Тогда своим детским разумом мы искренне верили, что сами спровоцировали появление великана, что он стал ответом на наше злостное неповиновение. Мы думали, что великан пришел из глубин преисподней как орудие неподкупной божественной справедливости, посланное в наказание за наше пересечение запретных границ Калланвольда. Мы посмели вторгнуться в мир богатых, и Бог отправил к нам великана, дабы нас покарать. Так нам тогда казалось.

Больше мы не появлялись в лесу Калланвольда; великан обнаружил всю тяжесть нашего греха. Он потребует искупления. Он накажет детей Винго извращенным и впечатляющим способом. Нет, он не тронет самих грешников — он умеет наказывать детей с отменной жестокостью: он явится за их матерью.

К бесконечным тайнам в доме Толиты добавилась еще одна. Нам не позволили рассказать Папе Джону о лесном верзиле.

— Дорогой, у него очень слабое сердце, — объяснила мне бабушка.

Я же считал, что нужно немедленно доложить о случившемся Папе Джону. Если великан вернется, нам будет спокойнее рядом с человеком, способным убить двести турок. Однако бабушка заверила нас, что они с мамой «большие девочки» и сумеют за себя постоять.

Всю следующую неделю мы хранили бдительность и осторожность, однако дни проходили без происшествий. Улицы Атланты полыхали белым пламенем цветущих кизилов. Над клевером и азалиями самозабвенно жужжали пчелы. Мать написала деду Винго письмо, сообщив, что мы вернемся на остров, как только отец прибудет в Штаты. Мать назвала точную дату нашего приезда и попросила деда нанять какую-нибудь негритянку для уборки и подготовки дома. Она не забыла упомянуть, что бабушка передает ему самые наилучшие пожелания. Затем по настоянию матери каждый из нас вывел в нижней части листа: «Я люблю тебя, дедушка». Письмо мать отправила на адрес нашего дома, зная, что тот почтовый ящик дед проверяет чаще, чем свой. В пятницу утром, провожая нас на автобусную остановку, мать опустила письмо на Роуздейл-роуд и подняла красный металлический флажок, чтобы почтальон забрал конверт.

Только летом, вернувшись на остров, мы узнали, что дед не получал того письма. Оно все-таки дошло, но более чем с десятилетним опозданием.


Воскресным вечером мы сидели в гостиной и смотрели по телевизору «Шоу Эда Салливана»[56]. Мать и бабушка расположились в коричневых тяжелых креслах. Я растянулся на полу возле ног матери. Люк лежал на животе, поглядывая на экран и одновременно пытаясь доделать домашнее задание по арифметике. Саванна забралась к бабушке на колени. Мать протянула мне миску с горячим попкорном. Я запустил туда руку и захватил пригоршню. Два зернышка упали на пол; я подобрал их и съел. А потом… гостиная наполнилась ужасом. Саванна произнесла единственное слово, подействовавшее как удар током: «Калланвольд».
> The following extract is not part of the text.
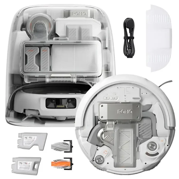 ROMO A kommer med en elegant hvid dockingstation, som stadig tilbyder selvrensning med varmtvandsvask og varmluftstørring af moppen. Den mangler dog UV-sterilisering og lugtneutralisering, som findes i P-modellen. For virksomheder, hvor disse ekstra hygiejnefunktioner ikke er en topprioritet, tilbyder ROMO A næsten den samme kerneydelse og kraft til en potentielt mere tilgængelig pris.
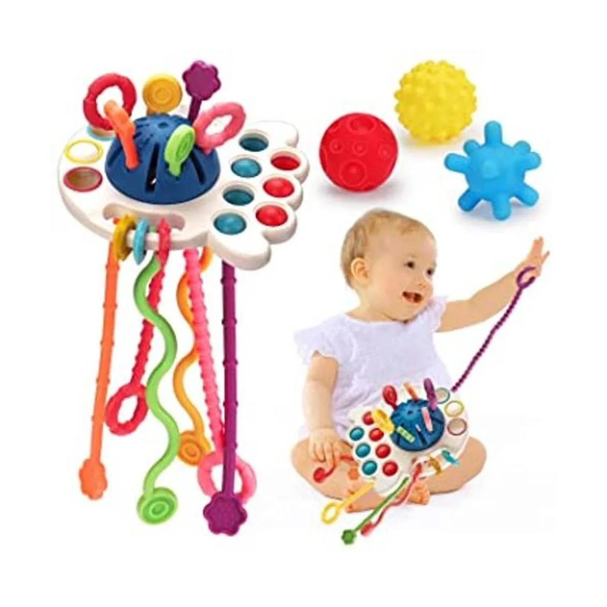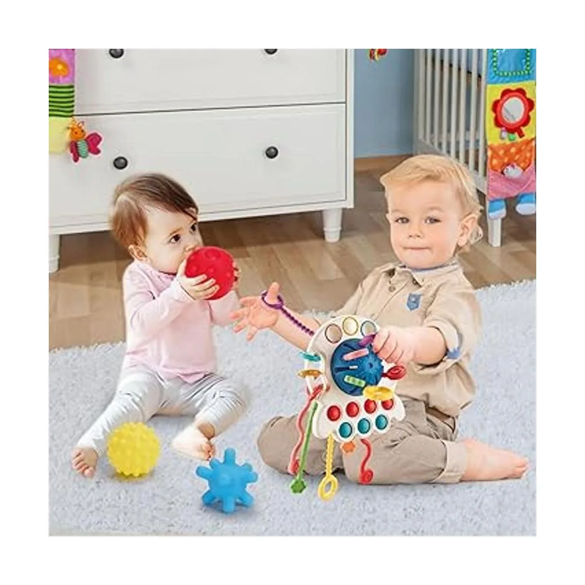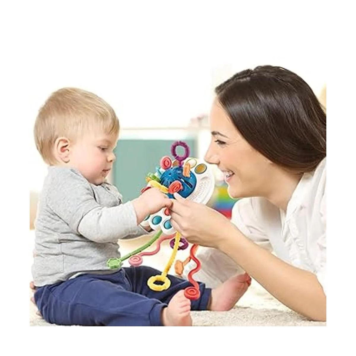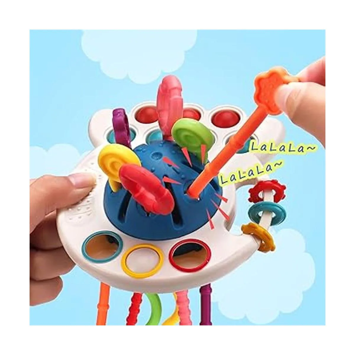 Adorable juguete de cuerda en forma de pulpo Nuestro juguete de cuerda premium viene con 6 cuerdas de textura en diferentes formas y colores, 1 bola deslizante y 7 juguetes suaves, ayuda a tus bebés a desarrollar habilidades motoras de los dedos, les permite pasar horas en una experiencia sensorial alegre. Una solución perfecta para llamar la atención de tus bebés y mantenerlos ocupados con bonitos juguetes en forma de pulpo.

Он стоял на крыльце и через стеклянную дверь наблюдал за нами. Неизвестно, сколько времени он вот так за нами следил. Полная неподвижность роднила его с растением; он напоминал дикий плющ, появившийся за то время, что мы смотрели передачу. Великан не сводил глаз с моей матери. Он вернулся за ней, и только за ней. Лицо великана было белым, как алебастр. Он заполнял собой все пространство крыльца, словно колонна, подпирающая обломок здания.

Великан взялся своей лапой за дверную ручку и согнул ее. Мы услышали жалобный скрип металла. Мать вскочила и на ходу шепотом попросила бабушку:

— Толита, звони в полицию. Только двигайся медленно, чтобы он не заподозрил.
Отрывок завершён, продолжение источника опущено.